The material is real; we are immersed in it. As spirit children of a Heavenly Father, our
challenge is to put our spirits in charge of the physical things, to control
our environment as the Father does. The
physical is not here to slow us down or to bind our spirits. Neither is it an instrument of penance for us
to overcome and then be done with. The
material exists to facilitate our
development and enhance our being. We became
more when our spirits united with our bodies.
The material is here to be used, first for learning and then for doing. Joy comes in discovering how to use the
physical well. We are to subdue the
earth, to become masters over the physical, not masters from the physical or to escape from the material.

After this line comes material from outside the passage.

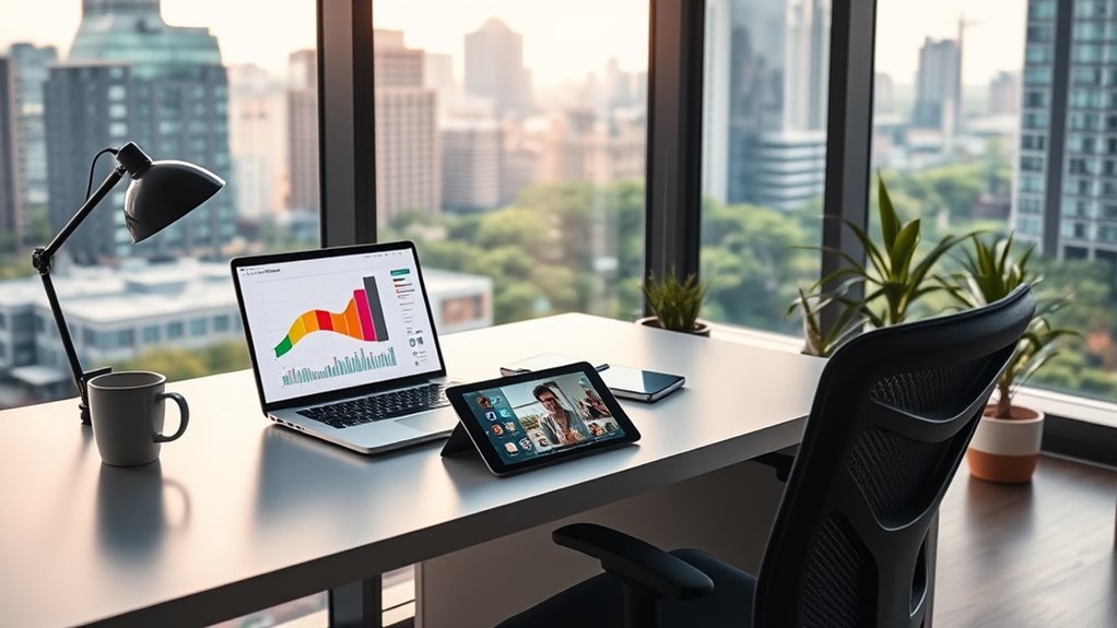 Staying engaged in multiple formats helps you maintain visibility and foster meaningful connections. Being proactive guarantees your network remains strong, supporting your career growth even when face-to-face interactions are limited. Consistent effort is key to thriving in a hybrid work environment.
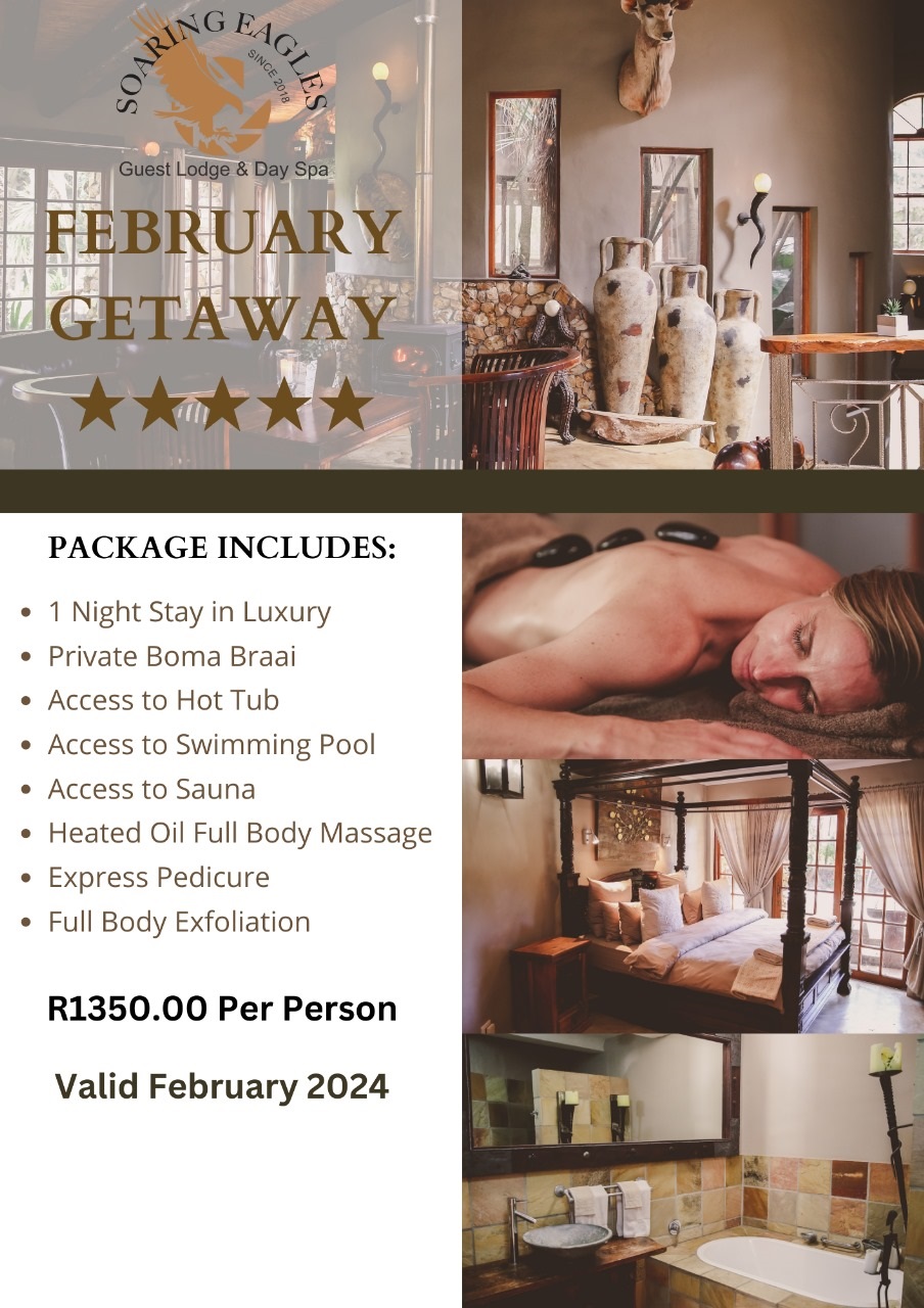 For more information or to book, contact Soaring Eagles Guest Lodge & Day Spa.

The evil is when we shorten our vision, no longer employing
the material for our growth and progression but becoming slaves to wanton
appetites, food and drink devolving into our gods of gluttony and drunkenness,
material things becoming objects of avarice instead of instruments of service. We come to worship our tools, betraying our
divine heritage as makers and wielders of tools.
The truth of the whole matter is found in the union of the spiritual
with the material. As children of God,
it is our heritage to become like our Father.
Growing in the love of God, we govern our appetites and enlist our tools
in the cause of ennobling one another.
The Master, Jesus Christ, explained it this way:
For man is spirit. The elements are eternal, and spirit and
element, inseparably connected receive a fulness of joy. And when separated, man cannot receive a
fulness of joy. (Doctrine and Covenants
93:33, 34)
God created this very material world out of available
elements, placed our spirits into physical bodies to learn how to control material
things. Christ was Himself born into a
physical body that He also might enjoy the union of spirit and element. Then He willingly surrendered that union in death so
that He might be resurrected from the dead, inseparably united as spirit and
body, ensuring that for all of us the separation of spirit from body would be
merely temporary while the unity of spirit with body, and the joy of that
union, could last forever.
In so doing, Christ, and each of us, may receive the fulness of eternal joy that only our combined nature can achieve.
In so doing, Christ, and each of us, may receive the fulness of eternal joy that only our combined nature can achieve.